* Work instructions: Under this line is a listing; return exactly the lines starting at the one with "We recommend that" and running down to the one with "Con sus manos", and leave out its pictures.

* Exercise input:

::::::::

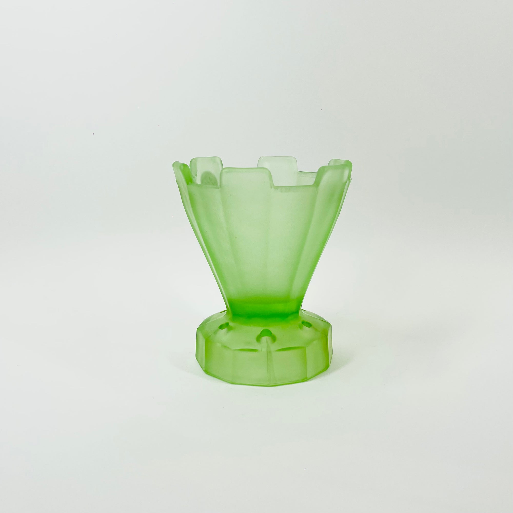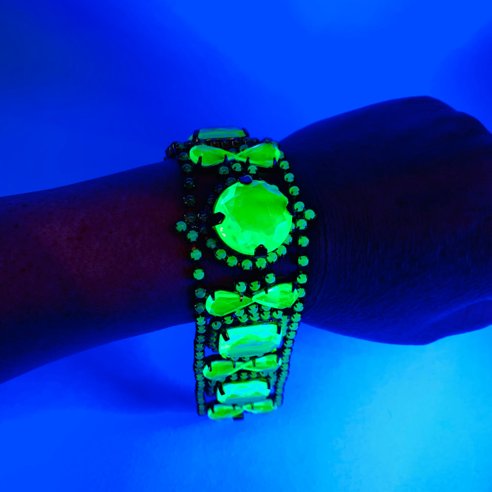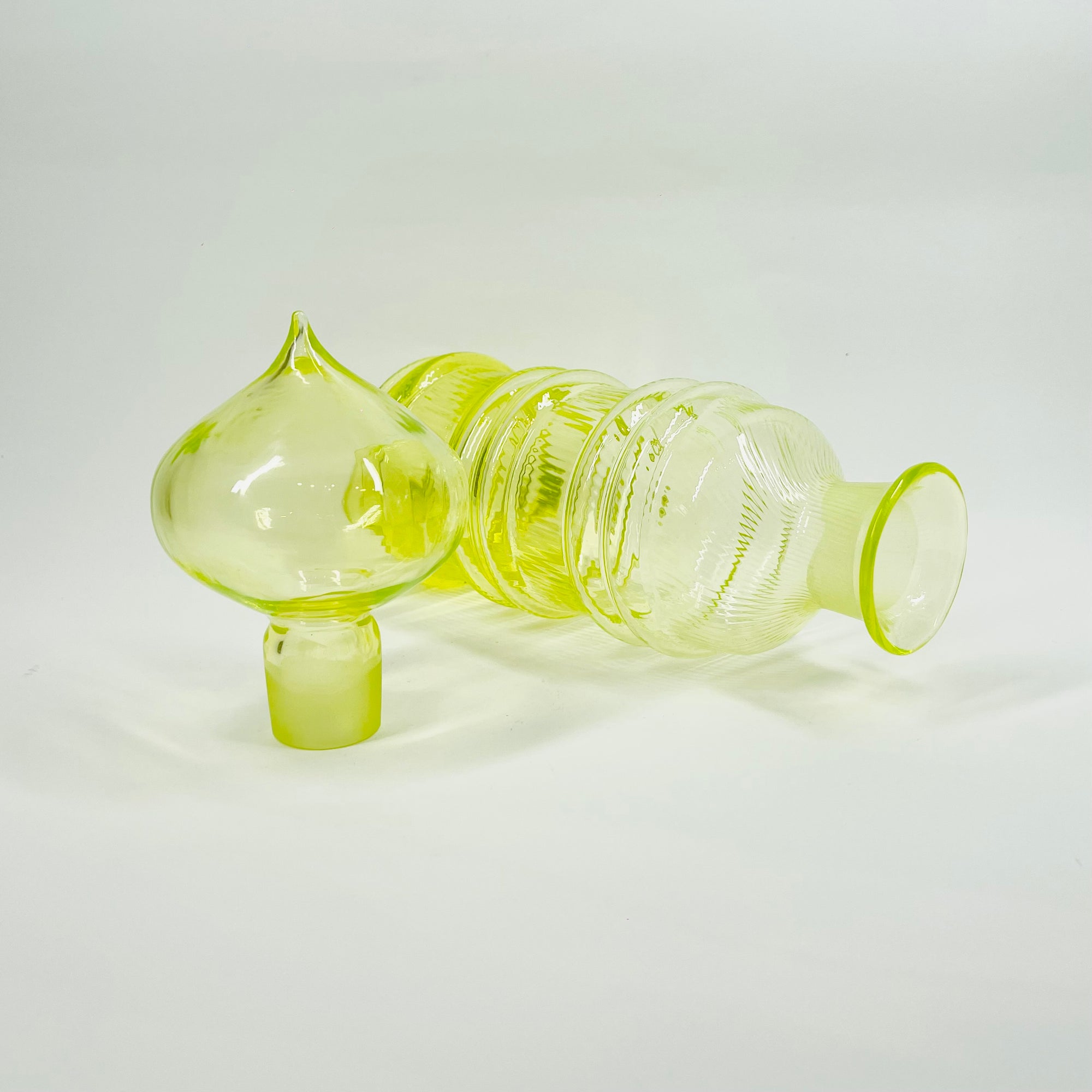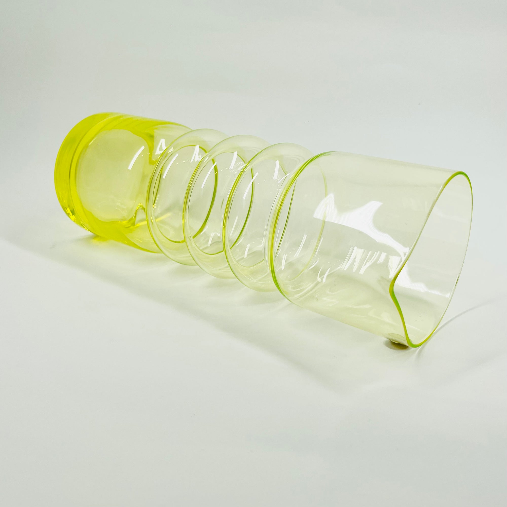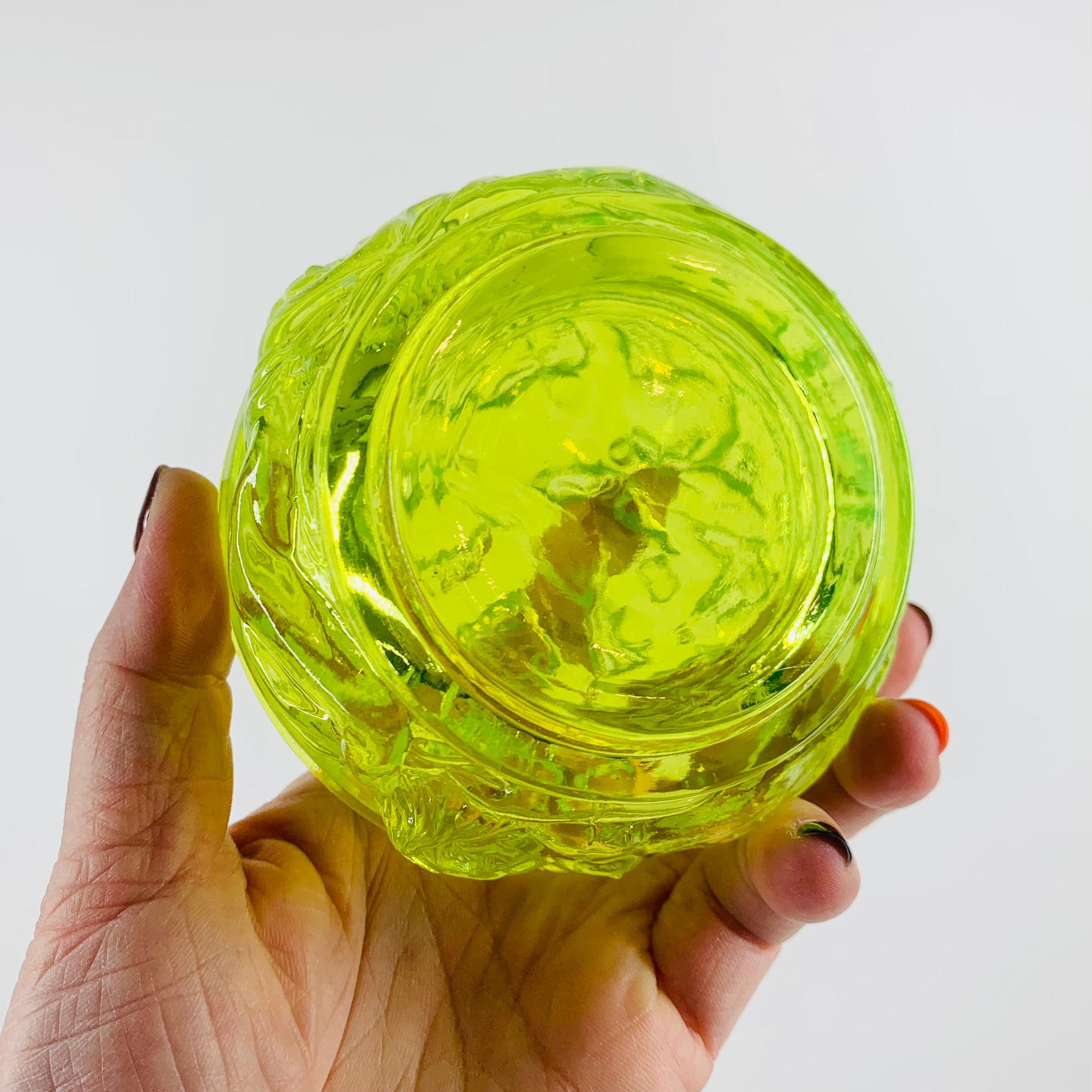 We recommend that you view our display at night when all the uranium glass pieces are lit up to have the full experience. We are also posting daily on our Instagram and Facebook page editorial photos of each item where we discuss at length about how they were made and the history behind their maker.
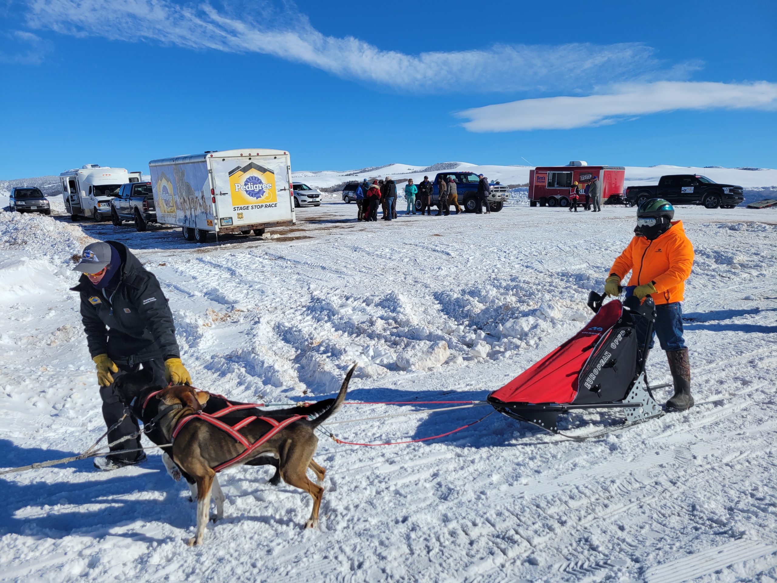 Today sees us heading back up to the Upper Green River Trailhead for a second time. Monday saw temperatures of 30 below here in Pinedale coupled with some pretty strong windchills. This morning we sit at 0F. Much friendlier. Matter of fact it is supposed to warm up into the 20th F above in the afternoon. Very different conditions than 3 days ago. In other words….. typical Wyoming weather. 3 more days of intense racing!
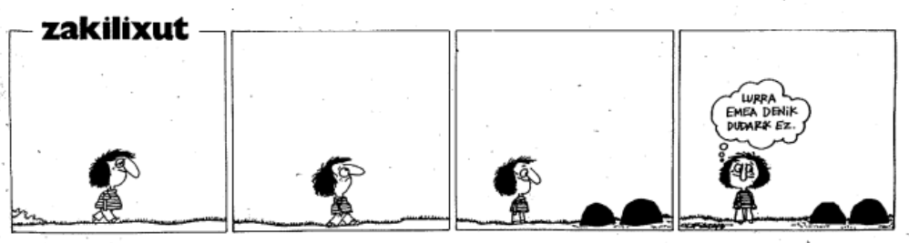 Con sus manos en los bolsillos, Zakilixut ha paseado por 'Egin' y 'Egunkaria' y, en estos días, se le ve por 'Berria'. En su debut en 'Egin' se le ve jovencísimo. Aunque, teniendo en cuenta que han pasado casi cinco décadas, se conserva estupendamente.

::::::::

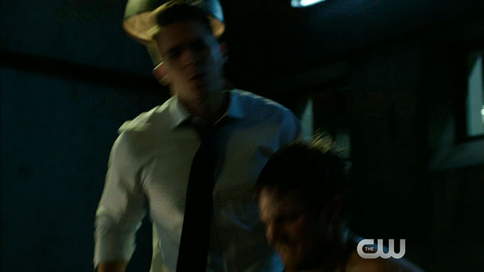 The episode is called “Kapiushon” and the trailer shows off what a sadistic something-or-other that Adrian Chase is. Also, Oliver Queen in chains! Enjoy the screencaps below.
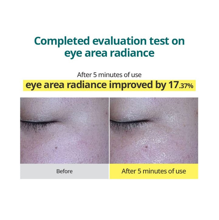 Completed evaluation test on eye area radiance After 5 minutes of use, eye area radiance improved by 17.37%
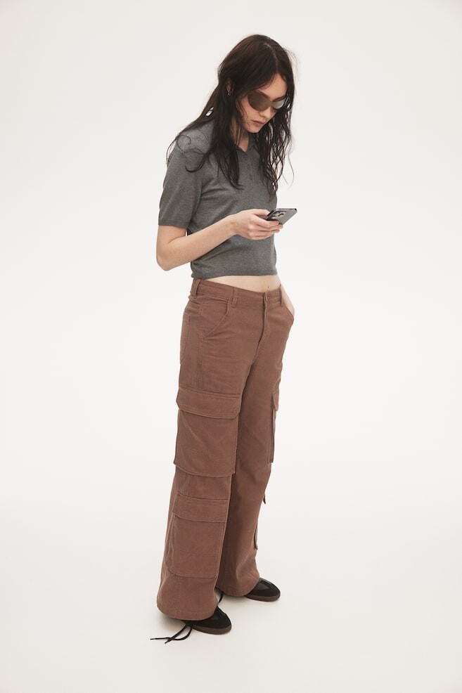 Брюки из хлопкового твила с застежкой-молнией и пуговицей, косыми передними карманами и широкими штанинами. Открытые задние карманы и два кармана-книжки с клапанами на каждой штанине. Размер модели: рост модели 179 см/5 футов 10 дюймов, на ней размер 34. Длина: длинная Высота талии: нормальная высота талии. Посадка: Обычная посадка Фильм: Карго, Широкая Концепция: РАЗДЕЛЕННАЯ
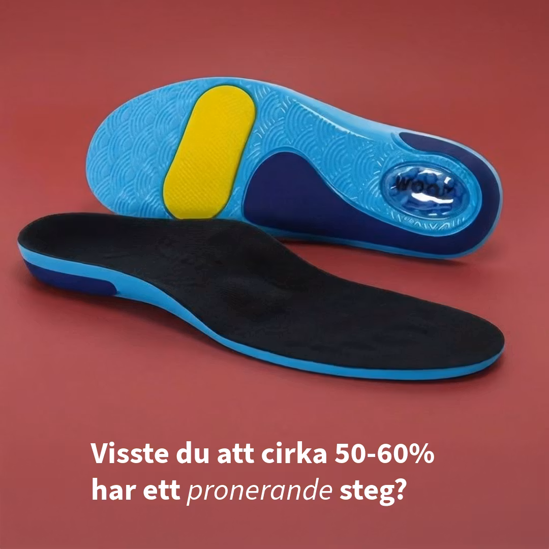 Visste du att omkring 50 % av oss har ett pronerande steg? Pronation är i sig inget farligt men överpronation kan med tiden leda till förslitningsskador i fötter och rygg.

::::::::

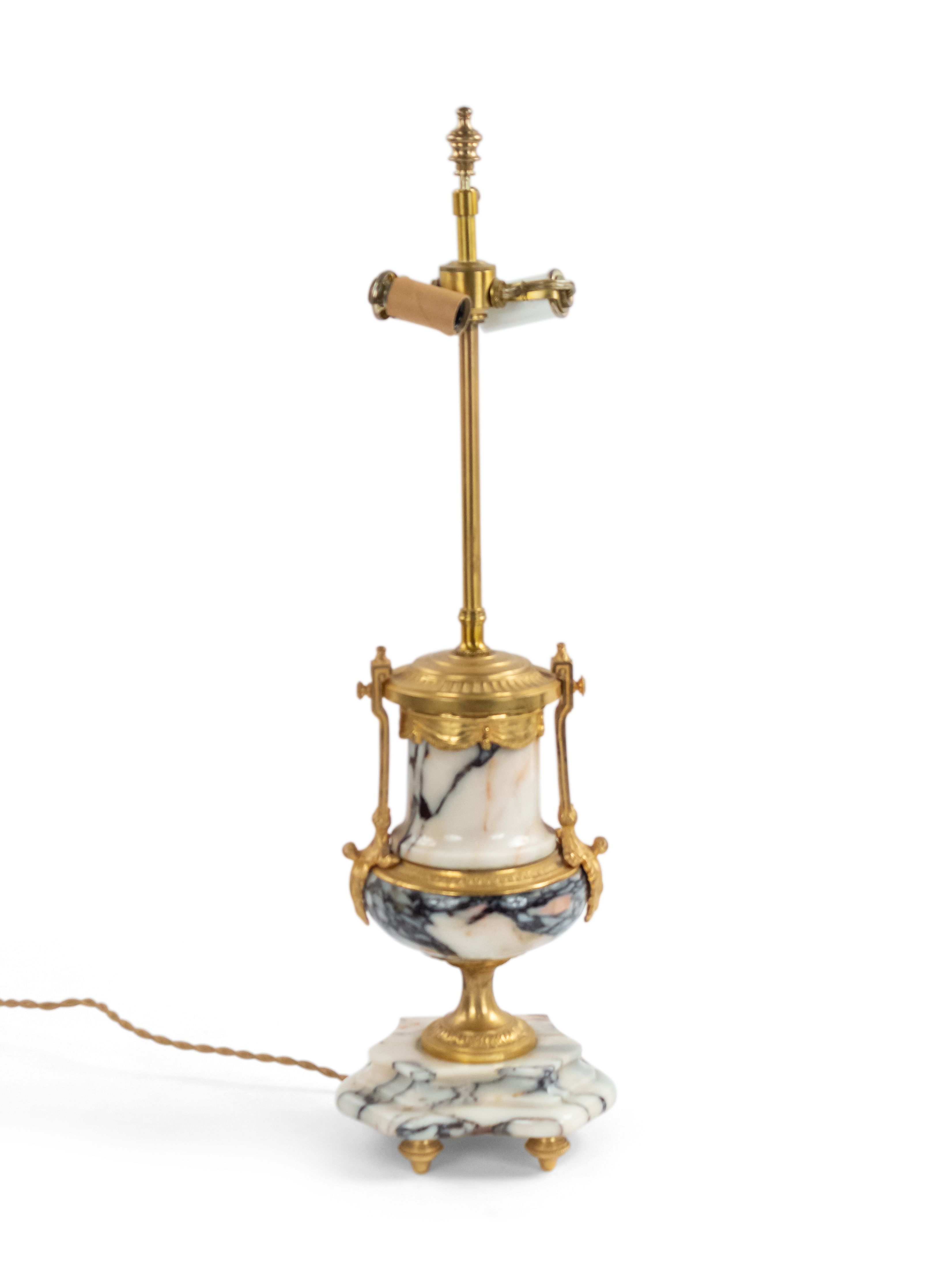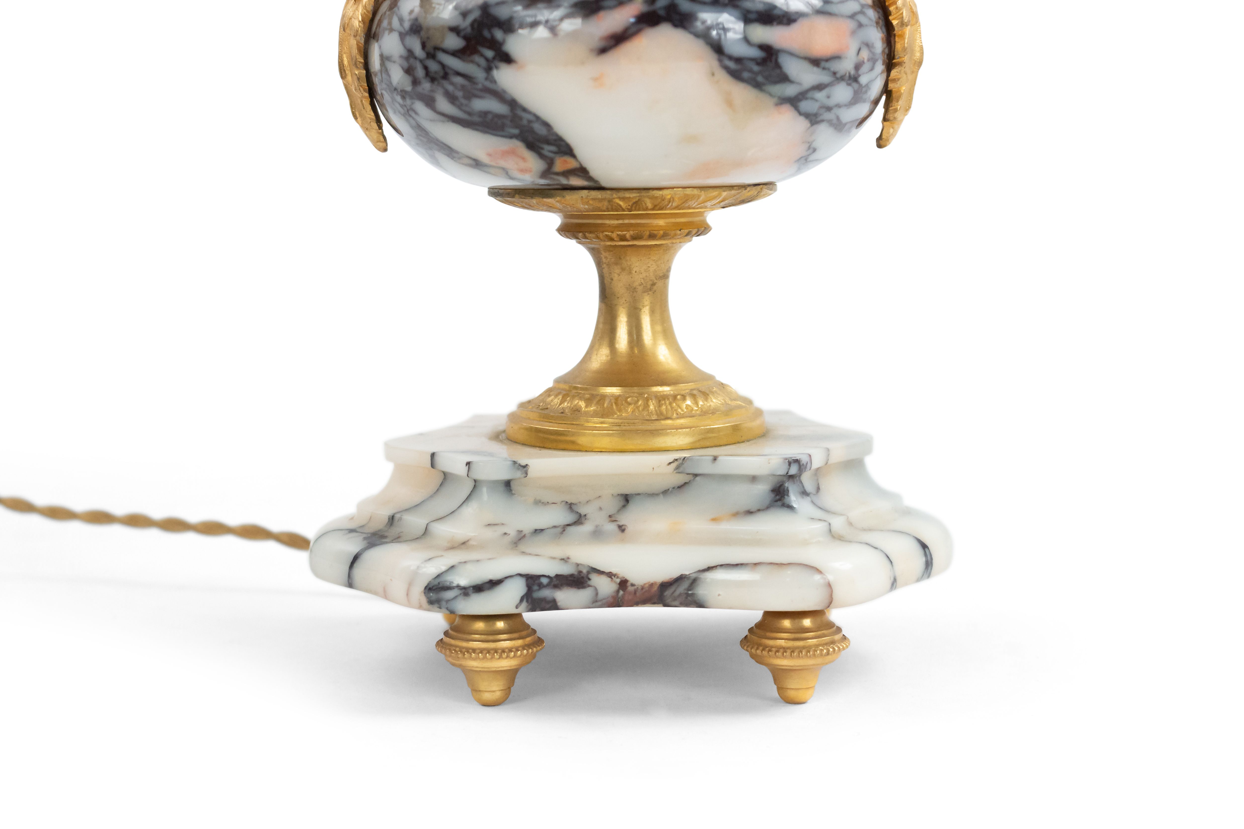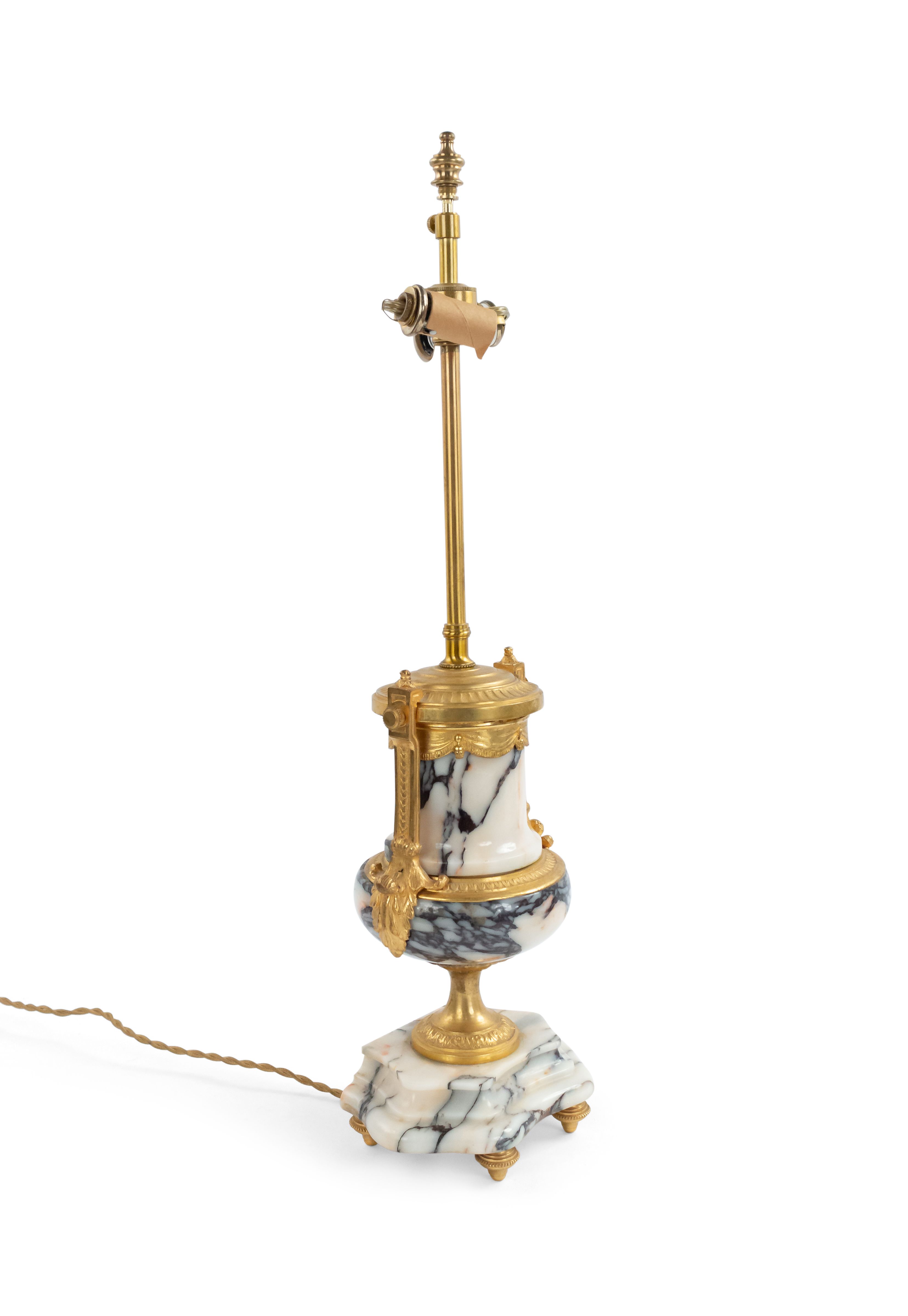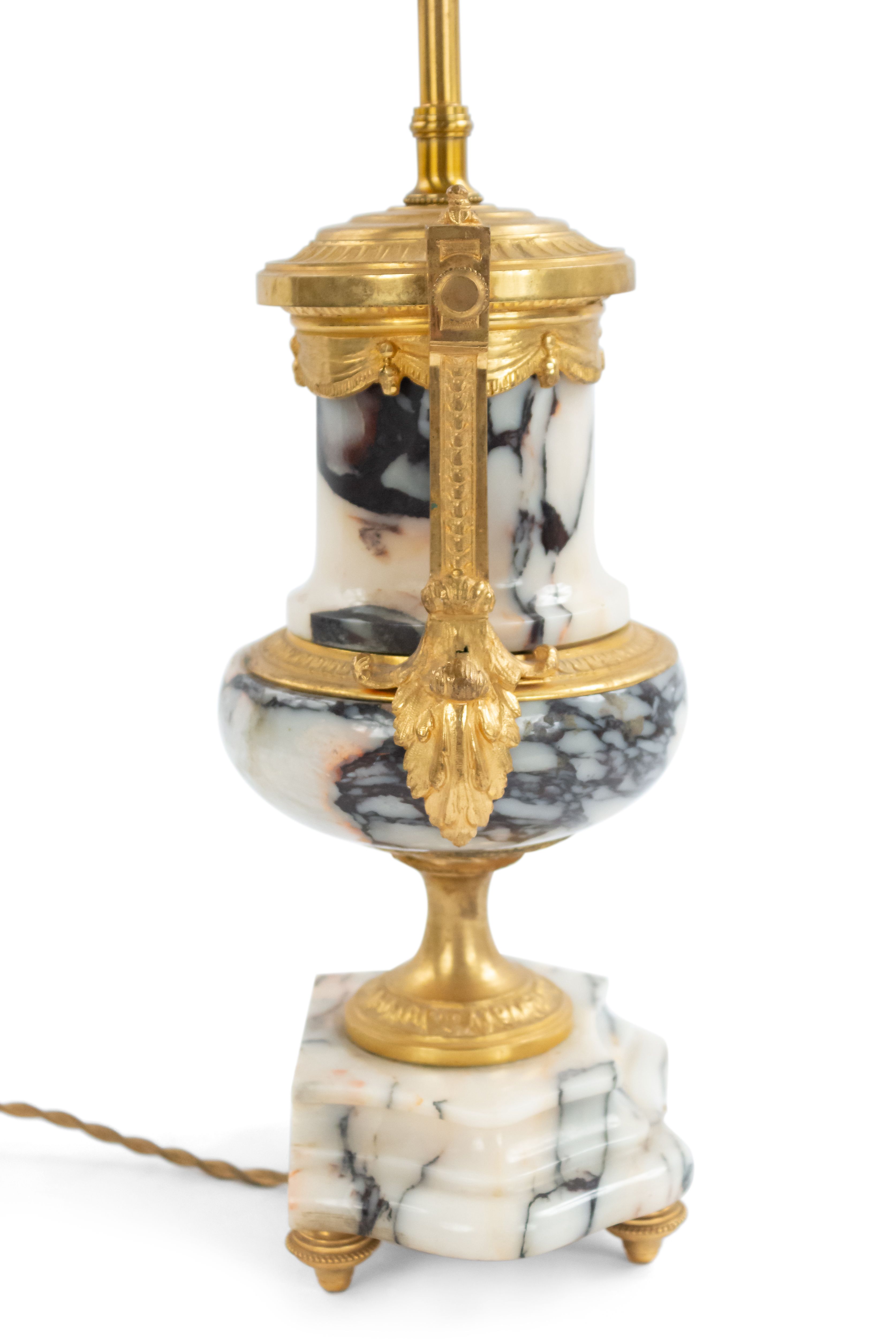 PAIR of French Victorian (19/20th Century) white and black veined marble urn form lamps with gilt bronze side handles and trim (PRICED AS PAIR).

::::::::

* Result of the task:
 We recommend that you view our display at night when all the uranium glass pieces are lit up to have the full experience. We are also posting daily on our Instagram and Facebook page editorial photos of each item where we discuss at length about how they were made and the history behind their maker.
 Today sees us heading back up to the Upper Green River Trailhead for a second time. Monday saw temperatures of 30 below here in Pinedale coupled with some pretty strong windchills. This morning we sit at 0F. Much friendlier. Matter of fact it is supposed to warm up into the 20th F above in the afternoon. Very different conditions than 3 days ago. In other words….. typical Wyoming weather. 3 more days of intense racing!
 Con sus manos en los bolsillos, Zakilixut ha paseado por 'Egin' y 'Egunkaria' y, en estos días, se le ve por 'Berria'. En su debut en 'Egin' se le ve jovencísimo. Aunque, teniendo en cuenta que han pasado casi cinco décadas, se conserva estupendamente.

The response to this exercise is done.